Source material
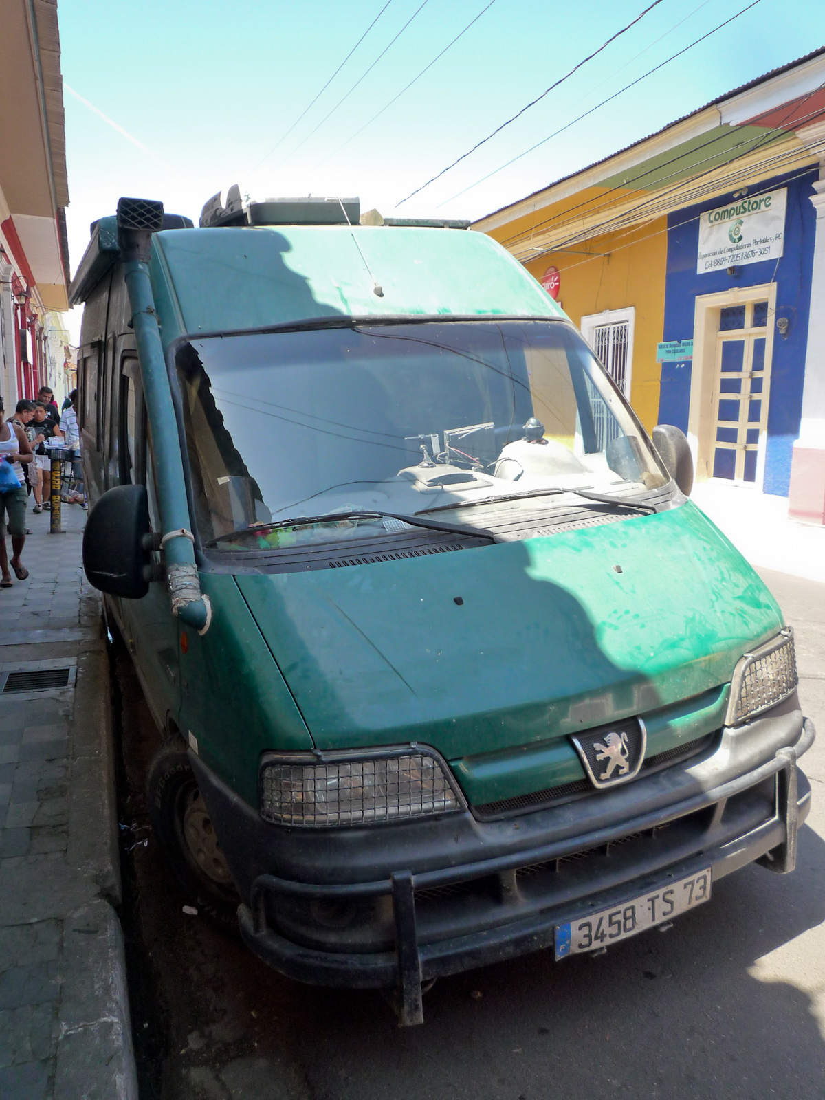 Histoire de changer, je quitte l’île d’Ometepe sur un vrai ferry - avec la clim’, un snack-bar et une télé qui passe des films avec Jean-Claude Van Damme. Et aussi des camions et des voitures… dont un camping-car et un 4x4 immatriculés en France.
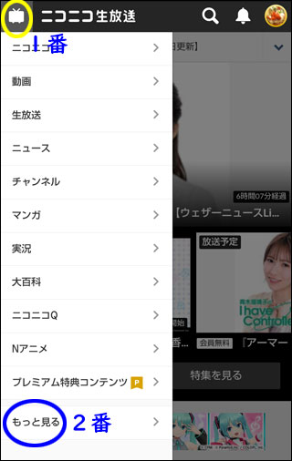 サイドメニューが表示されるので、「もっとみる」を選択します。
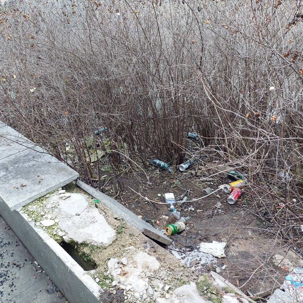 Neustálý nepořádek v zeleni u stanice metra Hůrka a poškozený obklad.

Exercise details
Without any pictures, transcribe the listing above exactly as written.

Task answer
 Histoire de changer, je quitte l’île d’Ometepe sur un vrai ferry - avec la clim’, un snack-bar et une télé qui passe des films avec Jean-Claude Van Damme. Et aussi des camions et des voitures… dont un camping-car et un 4x4 immatriculés en France.
 サイドメニューが表示されるので、「もっとみる」を選択します。
 Neustálý nepořádek v zeleni u stanice metra Hůrka a poškozený obklad.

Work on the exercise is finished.